1. What is the value of mercurial treatment of syphilis in the prevention of tabetic or other forms of neurosyphilis? “Fournier strove for many years to convince the medical profession that a syphilitic patient should be treated for at least two years after his infection, whether the syphilis seemed latent or patent. The method of treating only the symptoms he characterized as the opportunist method; treatment in the absence of definite symptoms the preventive method, as preventing the later manifestations. That prolonged treatment does prevent is shown by Fournier’s figures analyzing 2396 cases presenting tertiary signs. These he divides into three groups: Group I, comprising 1878 cases, or 78 per cent of the whole number, having no treatment or inadequate treatment—that is mercury for less than one year; Group 2, comprising 455 cases, or 19 per cent, having moderate treatment—that is, mercury for one to three years; and Group 3, comprising the remaining 19 cases which represent only 3 per cent of the whole number, having treatment for more than three years.”[7]

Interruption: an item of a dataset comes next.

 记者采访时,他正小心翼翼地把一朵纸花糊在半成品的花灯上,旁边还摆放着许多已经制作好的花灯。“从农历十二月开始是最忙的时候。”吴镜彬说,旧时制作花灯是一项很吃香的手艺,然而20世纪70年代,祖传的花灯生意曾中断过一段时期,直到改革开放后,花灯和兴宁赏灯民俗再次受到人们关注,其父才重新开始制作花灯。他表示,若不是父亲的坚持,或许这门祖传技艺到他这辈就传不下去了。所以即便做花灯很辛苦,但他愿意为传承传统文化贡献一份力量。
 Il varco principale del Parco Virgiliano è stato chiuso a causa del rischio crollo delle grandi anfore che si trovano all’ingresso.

In the light of what we now know concerning latent neurosyphilis, it would seem well for patients to be followed from time to time with the W. R. on blood and spinal fluid after the supposed completion of the treatment of primary and secondary syphilis. The examination of the spinal fluid is not superfluous, as our experience with the so-called _paresis sine paresi_ abundantly shows. At the present day it is not good practice to assure a patient that he is cured after two years of ordinary mercurial treatment without resort to frequent spinal fluid tests, even though the serum W. R. be negative.

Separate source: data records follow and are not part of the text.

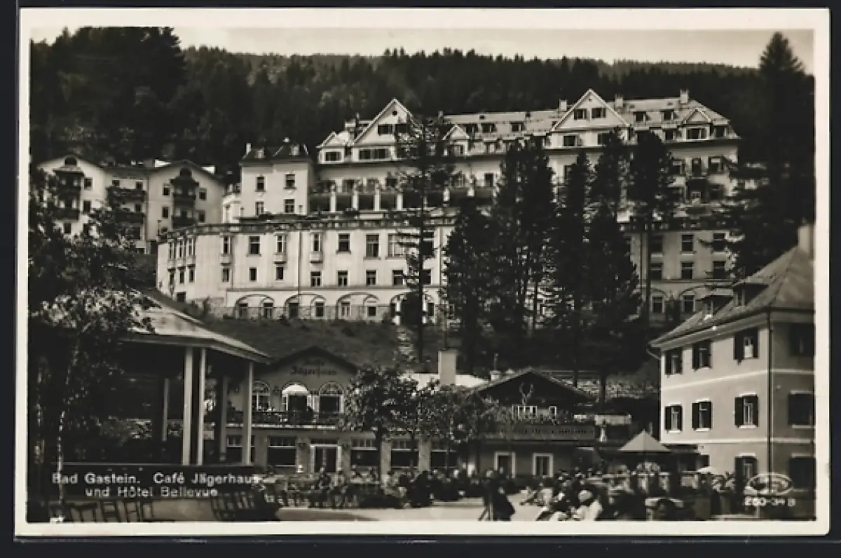 AK Bad Gastein, Café Jägerhaus und Hotel Bellevue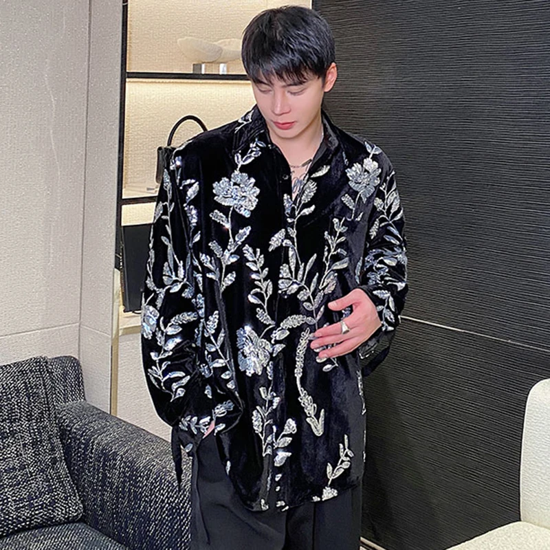 Personality Velvet Male Shirts Lace-up Sequin Embroidery Turn-down Collar Contrast Color Men's Long Sleeve Tops Tide
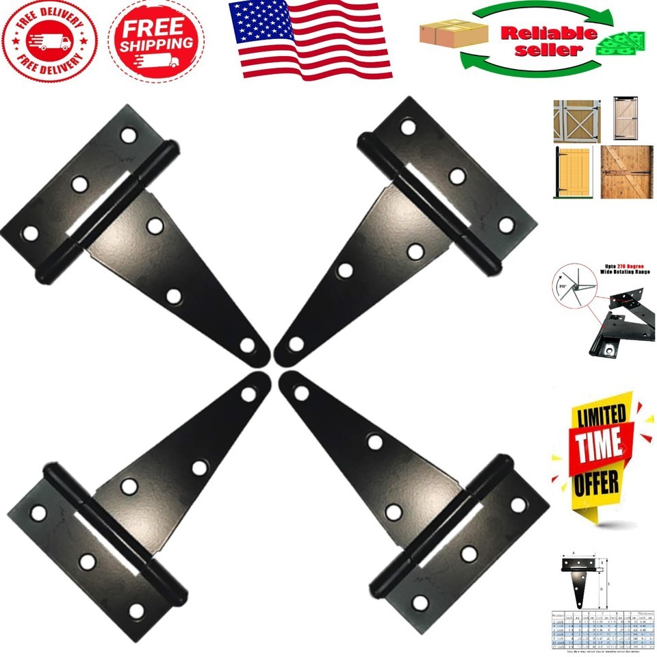 Heavy Duty 4-Inch Rustproof Tee Hinges - 4 Pcs Carbon Steel for Doors Gates

=TABETIC NEUROSYPHILIS (“tabes dorsalis”) is often quite ATYPICAL clinically and may even show no single symptom warranting the old clinical name “locomotor ataxia.”=
=Case 30.= Stephen Green is a case of TABES DORSALIS with active knee-jerks and without locomotor or muscle-sense disorder. When observed at the age of 45, it appeared that there were but two complaints: lack of control of the vesical sphincter and shooting pains in the legs. It appeared that the urinary disorder dated back ten years, when there had been difficulty in passing the urine. Sounds had been passed at the time; occasionally there had been incontinence during after years, ascribed by Mr. Green to the passing of the sound. However, the physician at that time stated that the incontinence was a symptom of tabes dorsalis. The incontinence had recently become worse, especially marked at night, though also occurring in the day; much worse during excitement, and very much worse after taking alcoholic drinks. Besides incontinence, there is also difficulty at times in passing the urine, as well as dysuria.